Before we got to the main course, we also had a Eden Farms trotter terrine with peach preserves and pistachios. I love the combination of terrines, pates, etc. with a sweet element, and this one was no exception. I’d never experienced a terrine made from trotters (pig’s feet), and the result was a little chunkier/fattier than others I’ve tried. It was almost like a much better version of souse, with a peppery bite that was enhanced by the peach preserves. The crumbled pistachios also added a nice crunch – good stuff.
Our main course contained an ingredient I wanted to try during my original blog, but never had the chance to: oxtail. The dish was called a “Brasstown oxtail parmentier, with whipped potatoes and chard scallions.” I had no clue what a “parmentier” was, and our server explained that it was much like a shepherd’s pie, with a layer of shredded oxtail covered by whipped potatoes then broiled. Fortunately, it tasted as good as it sounded. The oxtail had a pulled pork-like texture with a slightly salty flavor that paired well with the ultra-creamy, buttery whipped potatoes, and the chard scallions on top reminded me of sauteed green onions. Me and the GF agreed that this was one of the better dishes we’ve had in awhile, so if you see it on the menu, definitely try it.

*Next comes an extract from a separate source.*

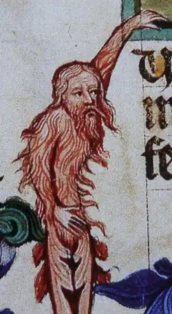 Hairy figures known as Wild Men preside throughout the margins of the Wenceslas Bible. Medieval art historians such as Studnickova and Antunes have done extensive research regarding the "Wild Men" found as a motif in Medieval art. The Wild Men are figures covered in hair from head to toe, sometimes bald or combed, with human faces.[3] While unique in depiction, they come from a heritage of depiction from more pagan mythos such as Satyrs.[3] Sometimes called Green Men in other contexts, they can refer to a representation of the anxieties faced while traveling through the wilderness during important travel such as a pilgrimage.[3] During travel through this wilderness, people could expect to find a variety of individuals on the outskirts of society such as highwaymen or pagan cultists, allowing this artistic depiction of Wild/Green Men to stand in for their fears of confrontation to these people during this travel.[7][8] While there are definitely cases where Lords or other landowners had more of a direct control over these wild areas if there was something produced in these areas such as beeswax, it was within these forests that provided an opportunity for a shift within the social-hierarchy of the time. Somebody who may be poor and unimportant in a more rural area had the opportunity to wield power through violence over travelers through this undeveloped land.[7] Again, as a general motif found in various European cultures, the Wild Men began to represent a variety of things, in this case the anxiety of encountering someone who may trick or hurt you in an unfamiliar area.[7]

Since I was still wondering what a parmentier was, I decided to do some research. According to Wikipedia, it’s a dish that’s basically the classic French version of a shepherd’s pie. It’s named after Antoine-Augustin Parmentier, who is “remembered as a vocal promoter of the potato as a food source in France and throughout Europe.” The dish hachis parmentier refers to the version made with mashed potato and diced meat.
I love learning things like this about food – it’s almost as fun as eating it.